Technical Architecture

    LLM Cost Optimization: Managing Token Usage and Infrastructure at Scale

    14 min read
    By Sesha Kadakia
    Cost Optimization
    LLM
    Infrastructure
    Performance

    LLM costs can spiral out of control fast. A single production agent processing 100K requests/day can rack up $50K+/month in API costs. But with the right optimization strategies, you can cut that by 60% or more without sacrificing quality. This guide covers proven techniques for managing token economics at scale.
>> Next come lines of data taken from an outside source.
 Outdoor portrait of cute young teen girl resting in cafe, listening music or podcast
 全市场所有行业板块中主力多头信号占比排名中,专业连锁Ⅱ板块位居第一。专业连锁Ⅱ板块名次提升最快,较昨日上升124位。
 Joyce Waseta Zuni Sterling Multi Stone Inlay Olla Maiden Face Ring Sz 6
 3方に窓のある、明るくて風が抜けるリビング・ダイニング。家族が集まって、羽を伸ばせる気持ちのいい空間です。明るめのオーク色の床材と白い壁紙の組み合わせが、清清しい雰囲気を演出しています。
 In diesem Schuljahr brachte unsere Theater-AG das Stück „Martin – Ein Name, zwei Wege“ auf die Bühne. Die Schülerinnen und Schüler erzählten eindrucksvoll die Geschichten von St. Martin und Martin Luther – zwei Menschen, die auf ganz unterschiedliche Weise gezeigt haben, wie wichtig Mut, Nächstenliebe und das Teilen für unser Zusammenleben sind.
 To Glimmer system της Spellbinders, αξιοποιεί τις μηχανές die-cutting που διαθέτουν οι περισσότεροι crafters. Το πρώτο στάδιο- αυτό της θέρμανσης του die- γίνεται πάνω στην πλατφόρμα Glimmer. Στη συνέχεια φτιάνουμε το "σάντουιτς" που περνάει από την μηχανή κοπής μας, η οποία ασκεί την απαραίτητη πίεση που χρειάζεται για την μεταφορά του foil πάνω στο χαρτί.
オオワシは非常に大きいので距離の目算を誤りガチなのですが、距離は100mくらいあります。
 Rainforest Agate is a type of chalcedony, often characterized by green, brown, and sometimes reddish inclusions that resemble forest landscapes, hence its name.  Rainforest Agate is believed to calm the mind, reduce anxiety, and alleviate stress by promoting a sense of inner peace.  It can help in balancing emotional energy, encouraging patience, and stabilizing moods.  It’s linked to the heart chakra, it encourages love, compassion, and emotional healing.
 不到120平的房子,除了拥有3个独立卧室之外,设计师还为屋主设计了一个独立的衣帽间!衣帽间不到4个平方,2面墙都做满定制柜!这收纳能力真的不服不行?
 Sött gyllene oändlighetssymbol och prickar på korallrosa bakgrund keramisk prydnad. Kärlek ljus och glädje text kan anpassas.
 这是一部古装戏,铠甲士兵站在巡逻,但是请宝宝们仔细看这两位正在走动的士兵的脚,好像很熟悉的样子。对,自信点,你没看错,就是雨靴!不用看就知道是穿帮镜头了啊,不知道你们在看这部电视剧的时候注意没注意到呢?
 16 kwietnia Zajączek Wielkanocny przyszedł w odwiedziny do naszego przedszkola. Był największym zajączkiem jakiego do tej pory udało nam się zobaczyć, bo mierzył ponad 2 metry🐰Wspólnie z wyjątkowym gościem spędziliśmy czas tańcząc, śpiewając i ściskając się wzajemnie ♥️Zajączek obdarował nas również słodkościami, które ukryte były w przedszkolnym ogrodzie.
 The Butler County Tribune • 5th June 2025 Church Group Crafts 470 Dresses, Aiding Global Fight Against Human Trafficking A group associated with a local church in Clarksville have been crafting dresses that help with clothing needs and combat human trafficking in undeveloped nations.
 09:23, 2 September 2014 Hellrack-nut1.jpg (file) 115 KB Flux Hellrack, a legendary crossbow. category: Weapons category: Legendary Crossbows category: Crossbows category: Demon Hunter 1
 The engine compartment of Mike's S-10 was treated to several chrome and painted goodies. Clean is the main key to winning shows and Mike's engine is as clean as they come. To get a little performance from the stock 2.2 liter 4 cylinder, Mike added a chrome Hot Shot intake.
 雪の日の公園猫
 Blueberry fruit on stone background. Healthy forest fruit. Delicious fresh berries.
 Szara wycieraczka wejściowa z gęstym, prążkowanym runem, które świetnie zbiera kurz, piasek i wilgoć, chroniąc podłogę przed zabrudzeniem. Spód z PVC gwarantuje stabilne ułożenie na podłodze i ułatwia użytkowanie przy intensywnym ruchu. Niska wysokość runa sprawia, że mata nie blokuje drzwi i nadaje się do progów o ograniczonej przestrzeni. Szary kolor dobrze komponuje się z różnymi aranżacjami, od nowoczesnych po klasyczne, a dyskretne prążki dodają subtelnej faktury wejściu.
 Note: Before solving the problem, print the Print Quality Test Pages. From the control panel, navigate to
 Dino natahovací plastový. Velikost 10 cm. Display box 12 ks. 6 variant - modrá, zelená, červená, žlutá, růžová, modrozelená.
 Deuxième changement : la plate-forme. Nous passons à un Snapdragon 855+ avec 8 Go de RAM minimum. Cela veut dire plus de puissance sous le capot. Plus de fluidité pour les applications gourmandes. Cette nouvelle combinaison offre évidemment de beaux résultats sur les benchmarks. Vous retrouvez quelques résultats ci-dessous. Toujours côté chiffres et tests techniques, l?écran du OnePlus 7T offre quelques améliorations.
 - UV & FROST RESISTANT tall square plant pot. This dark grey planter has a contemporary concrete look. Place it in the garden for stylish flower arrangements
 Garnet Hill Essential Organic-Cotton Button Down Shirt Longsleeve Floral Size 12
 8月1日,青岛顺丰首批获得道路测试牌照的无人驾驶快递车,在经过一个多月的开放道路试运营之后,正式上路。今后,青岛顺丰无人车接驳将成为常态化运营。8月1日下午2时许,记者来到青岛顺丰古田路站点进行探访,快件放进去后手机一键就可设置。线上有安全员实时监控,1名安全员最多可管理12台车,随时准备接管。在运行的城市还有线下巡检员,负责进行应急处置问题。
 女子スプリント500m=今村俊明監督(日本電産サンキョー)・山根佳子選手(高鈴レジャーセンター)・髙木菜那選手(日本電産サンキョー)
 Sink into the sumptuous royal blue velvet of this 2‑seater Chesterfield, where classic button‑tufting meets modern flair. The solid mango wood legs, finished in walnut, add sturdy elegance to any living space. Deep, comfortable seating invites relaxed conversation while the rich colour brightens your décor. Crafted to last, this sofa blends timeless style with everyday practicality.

    Understanding LLM Cost Structure

    LLM pricing has two components:

    1. Prompt tokens (input): What you send to the model 2. Completion tokens (output): What the model generates

    Costs vary dramatically by model:

    ModelPrompt Cost ($/1M tokens)Completion Cost ($/1M tokens)Use Case
    GPT-4-Turbo$10$30Complex reasoning, high accuracy
    GPT-3.5-Turbo$0.50$1.50General tasks, high volume
    Claude-3-Opus$15$75Long context, nuanced tasks
    Claude-3-Sonnet$3$15Balanced performance
    Claude-3-Haiku$0.25$1.25Fast, simple tasks
    Gemini-1.5-Pro$3.50$10.50Multimodal, long context
    Llama-3-70B$0.70$0.90Open source, self-hosted

    Key insight: Prompt tokens usually dominate costs for agent systems because prompts include system instructions, few-shot examples, retrieved context, and conversation history—often 2000+ tokens per request.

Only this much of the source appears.